More information about GenBank Release 203.0 and coming changes are available in the release notes.

Genome Workbench 2.8.0 released

Wednesday, August 20, 2014

Genome Workbench 2.8.0 is available, as of August 18th. New features include exporting alignments to tab delimited format, and new flexible broadcasting between bio trees. For the full list of fixes, improvements and features, see the Genome Workbench release notes.

"NCBI's OSIRIS: Quality Assurance for DNA Forensic Profiling" webinar on September 17th

Tuesday, August 19, 2014

On September 17th, NCBI will host a webinar that will cover OSIRIS, an open-source forensics analysis program. To sign up for this webinar, please go here.

Identification of people, animals and tissues by forensic, identification and stem cell transplant engraftment laboratories is typically done by analyzing PCR-amplified short tandem repeats (STRs).
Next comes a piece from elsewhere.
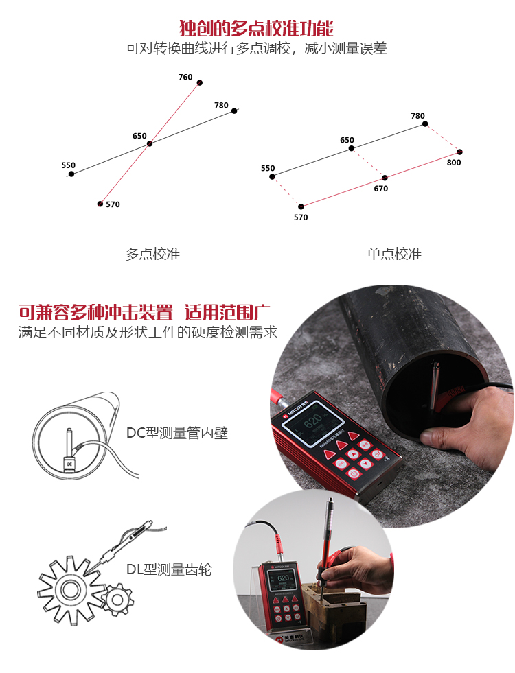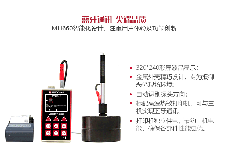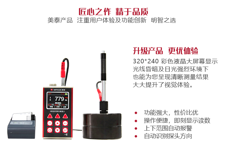 產(chǎn)品概述MH660便攜式里氏硬度計是美泰公司新推出的升級產(chǎn)品,它更加注重用戶體驗及功能創(chuàng)新。采用320×240彩色液晶顯示屏,光線昏暗及日光強烈環(huán)境下也能為您呈現(xiàn)清晰測量結(jié)果,大大提升了視覺體驗;密封的金屬外殼精巧設(shè)計,體積更小、品質(zhì)更優(yōu),專為抵御惡劣現(xiàn)場環(huán)境中的油污、粉塵而設(shè)計;獨創(chuàng)的多點校準功能,可對轉(zhuǎn)換曲線進行多點調(diào)校,減小測量誤差;測量中儀器可自動識別測量方向,滿足高效采集多角度材料硬度的精準檢測需求,支持多種硬度制氏間的自由轉(zhuǎn)換;低功耗設(shè)計由兩節(jié)AA五號電池供電,可實現(xiàn)藍牙通訊,支持多語言版本切換。被廣泛地應用于金屬加工制造業(yè)、特種設(shè)備或永久性組件的在役失效分析、商檢等領(lǐng)域。特別適宜對大型不可拆卸部件的現(xiàn)場硬度測試。是提高生產(chǎn)合格率、節(jié)約成本必備的專業(yè)精密儀器。

OSIRIS minimizes analysis time and increases accuracy by identifying artifacts. In addition, OSIRIS can process thousands of samples per day, and the program can also be used by medical and biological research laboratories to identify and validate tissue and cell lines.

The FBI has accepted OSIRIS as a validated expert system, and it is used by the U.S. Army Criminal Investigation Laboratory. OSIRIS can be downloaded here.

To see past and upcoming webinars, please visit the NCBI Webinars page.

UniVec build 8.0 now available for VecScreen searches and FTP

Friday, August 01, 2014

UniVec, NCBI’s non-redundant database of vector sequences, has been updated to build 8.0, which enables searches run using NCBI’s VecScreen tool to detect more of the foreign sequences introduced during the cloning or sequencing process. UniVec build 8.0 is also available via FTP.

This build added 2 complete vector sequences and 257 adapter and primer sequences, including a large number of oligonucleotides used in next-generation sequencing protocols, bringing the total number of sequences represented in the UniVec database to 2,282.

UniVec is a non-redundant database of sequences commonly attached to cDNA or genomic DNA during the cloning process. UniVec primarily consists of the unique segments from a large number of vectors but also includes many linker, adapter and primer sequences. Redundant sub-sequences have been eliminated from the database to make searches more efficient and to simplify interpretation of the results. For more details, see the UniVec page.